*Supplied records*
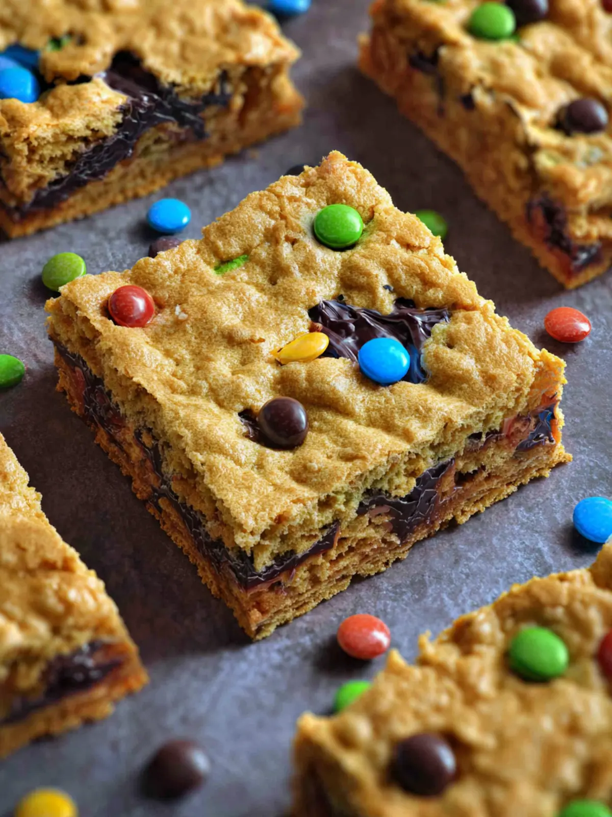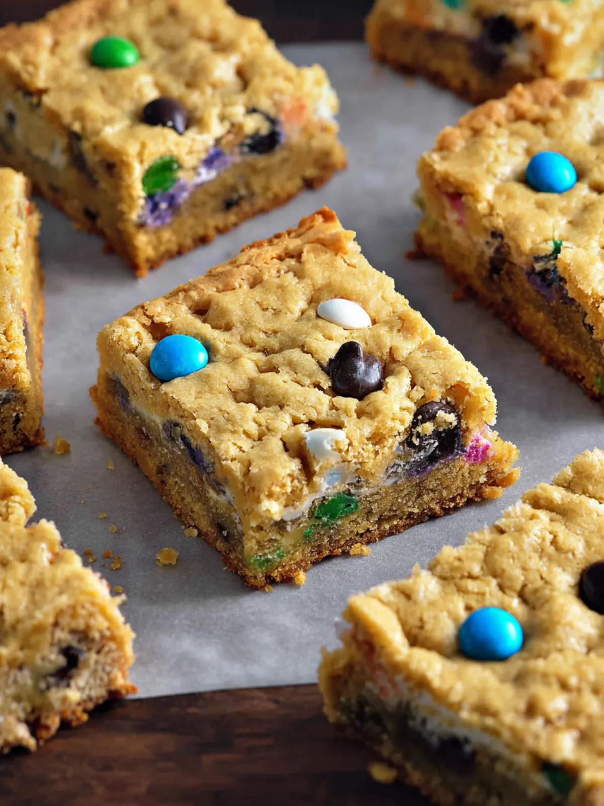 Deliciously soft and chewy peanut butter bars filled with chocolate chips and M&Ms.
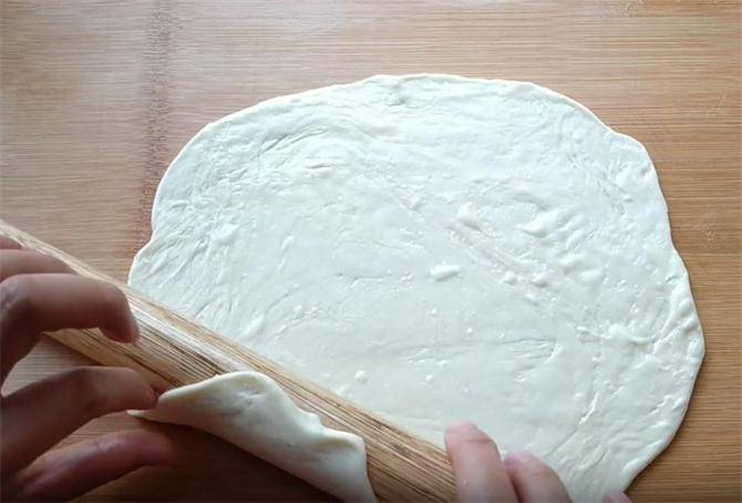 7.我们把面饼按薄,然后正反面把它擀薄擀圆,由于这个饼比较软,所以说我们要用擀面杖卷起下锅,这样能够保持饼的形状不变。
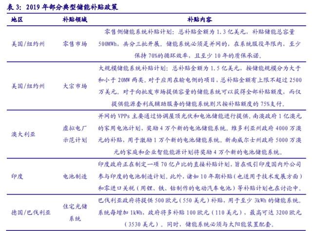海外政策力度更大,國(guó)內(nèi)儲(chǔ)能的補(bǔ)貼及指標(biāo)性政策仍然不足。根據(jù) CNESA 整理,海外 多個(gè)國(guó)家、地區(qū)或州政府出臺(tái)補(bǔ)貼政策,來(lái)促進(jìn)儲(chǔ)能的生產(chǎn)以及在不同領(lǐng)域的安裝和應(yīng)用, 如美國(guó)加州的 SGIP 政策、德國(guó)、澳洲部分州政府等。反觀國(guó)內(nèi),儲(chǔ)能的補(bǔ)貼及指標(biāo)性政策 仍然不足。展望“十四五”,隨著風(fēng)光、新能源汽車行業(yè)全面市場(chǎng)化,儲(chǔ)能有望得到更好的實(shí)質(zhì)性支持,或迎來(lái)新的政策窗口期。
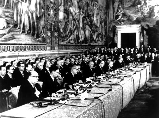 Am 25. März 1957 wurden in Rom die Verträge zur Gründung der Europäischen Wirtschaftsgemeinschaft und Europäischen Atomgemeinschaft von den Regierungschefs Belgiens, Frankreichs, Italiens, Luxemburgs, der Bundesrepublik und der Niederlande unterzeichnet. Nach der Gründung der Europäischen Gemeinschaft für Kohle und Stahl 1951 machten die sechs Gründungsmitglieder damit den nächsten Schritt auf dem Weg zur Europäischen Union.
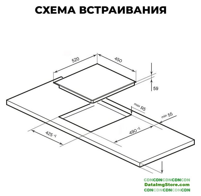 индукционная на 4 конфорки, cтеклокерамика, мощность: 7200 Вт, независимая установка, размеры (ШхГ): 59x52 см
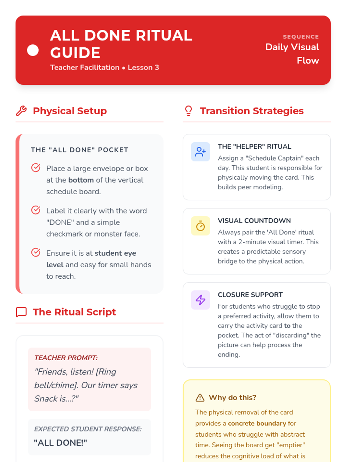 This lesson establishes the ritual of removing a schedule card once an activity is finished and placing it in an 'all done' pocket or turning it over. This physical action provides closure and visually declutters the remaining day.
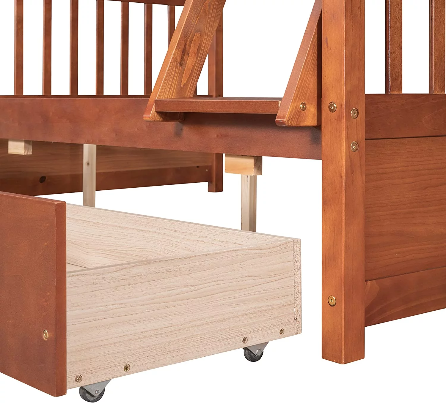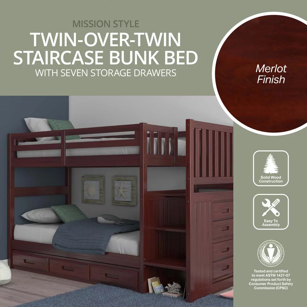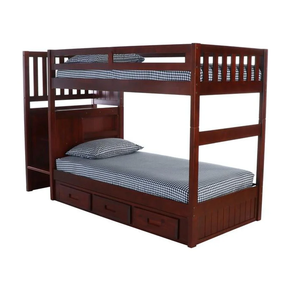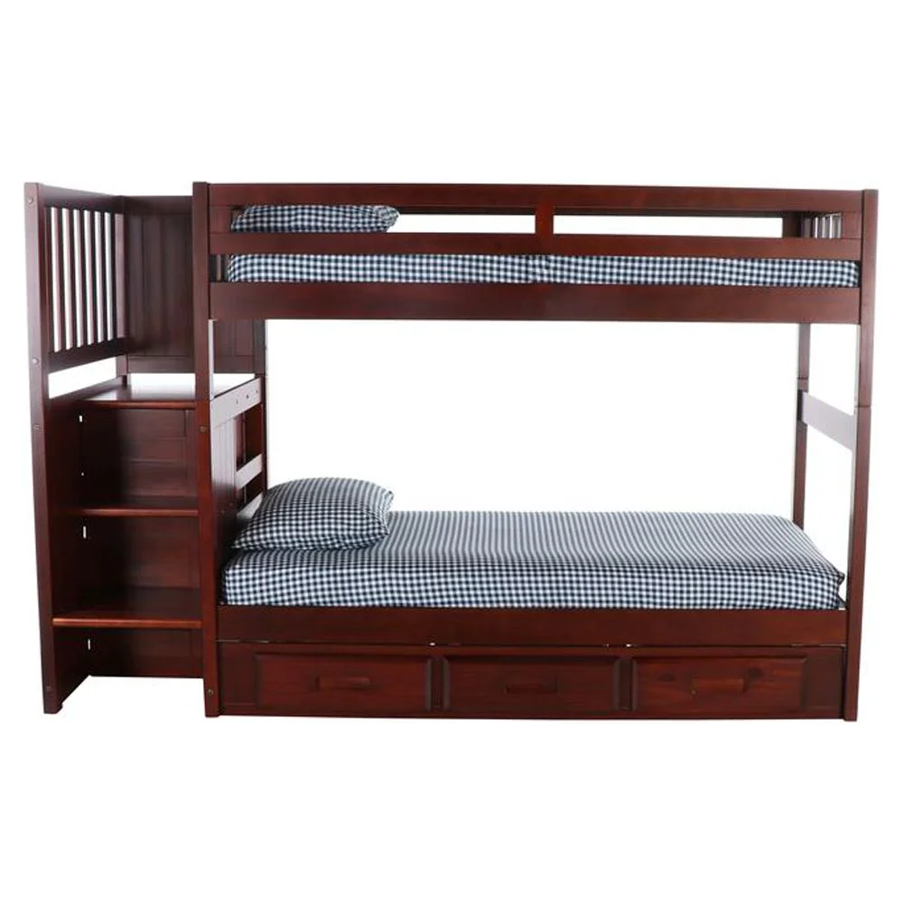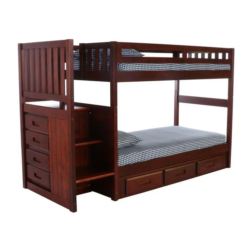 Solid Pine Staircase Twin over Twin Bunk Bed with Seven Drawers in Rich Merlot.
...
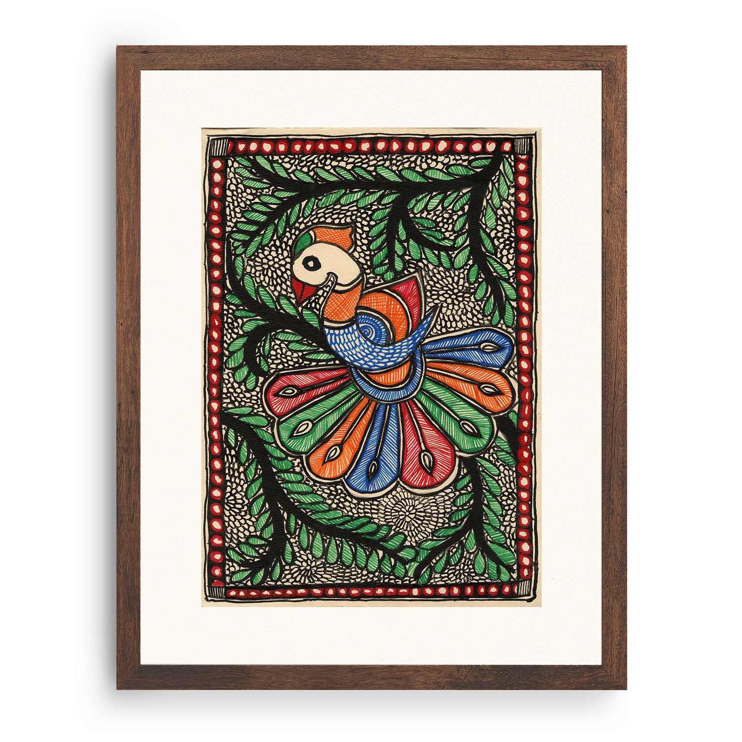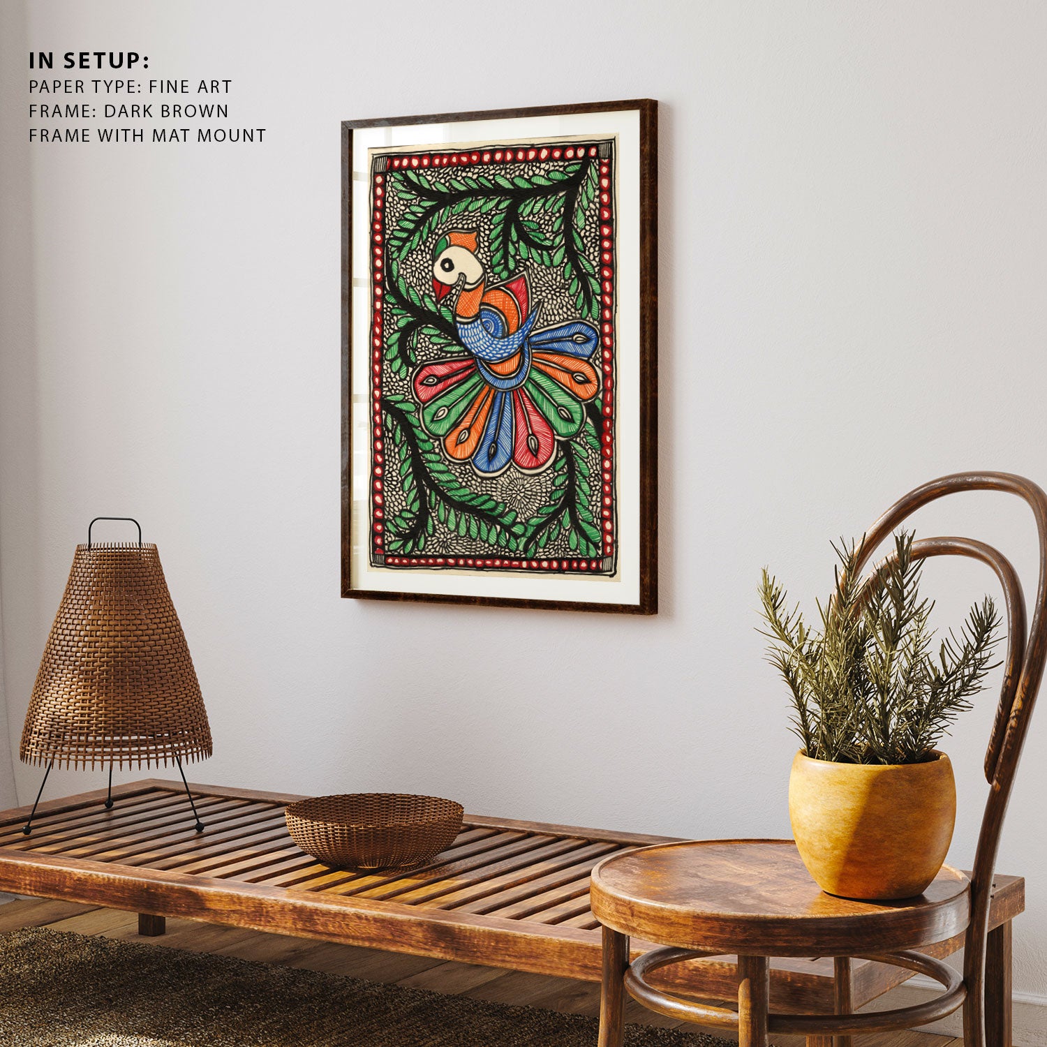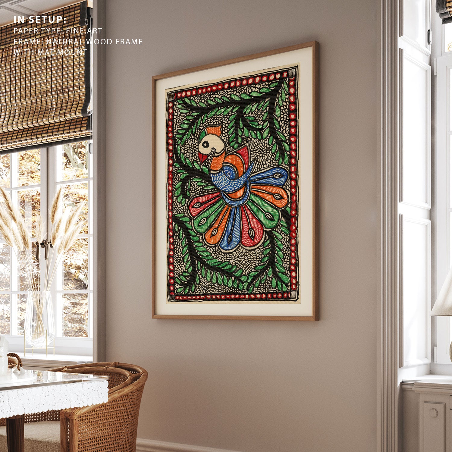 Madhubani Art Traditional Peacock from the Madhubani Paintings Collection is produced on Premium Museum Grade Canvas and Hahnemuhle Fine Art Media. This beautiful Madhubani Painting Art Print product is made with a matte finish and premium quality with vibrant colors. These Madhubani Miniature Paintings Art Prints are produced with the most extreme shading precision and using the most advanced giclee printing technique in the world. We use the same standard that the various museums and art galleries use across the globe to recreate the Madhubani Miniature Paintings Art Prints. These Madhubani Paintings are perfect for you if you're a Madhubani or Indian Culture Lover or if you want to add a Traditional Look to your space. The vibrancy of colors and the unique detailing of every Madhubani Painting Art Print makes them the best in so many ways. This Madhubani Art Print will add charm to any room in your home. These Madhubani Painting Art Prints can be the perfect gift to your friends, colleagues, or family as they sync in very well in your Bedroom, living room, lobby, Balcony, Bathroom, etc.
---
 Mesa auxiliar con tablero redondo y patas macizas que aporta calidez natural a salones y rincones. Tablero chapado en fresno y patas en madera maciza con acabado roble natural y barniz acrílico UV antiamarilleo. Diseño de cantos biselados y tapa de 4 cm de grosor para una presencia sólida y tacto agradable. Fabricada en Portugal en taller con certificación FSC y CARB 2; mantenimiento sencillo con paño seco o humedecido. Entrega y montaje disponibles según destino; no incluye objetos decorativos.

*What you have to do*
For this exercise, reproduce exactly the lines of the records above from the one with "индукционная на 4" up to and including the one with "Solid Pine Staircase", without pictures.

*Exercise output*
 индукционная на 4 конфорки, cтеклокерамика, мощность: 7200 Вт, независимая установка, размеры (ШхГ): 59x52 см
 This lesson establishes the ritual of removing a schedule card once an activity is finished and placing it in an 'all done' pocket or turning it over. This physical action provides closure and visually declutters the remaining day.
 Solid Pine Staircase Twin over Twin Bunk Bed with Seven Drawers in Rich Merlot.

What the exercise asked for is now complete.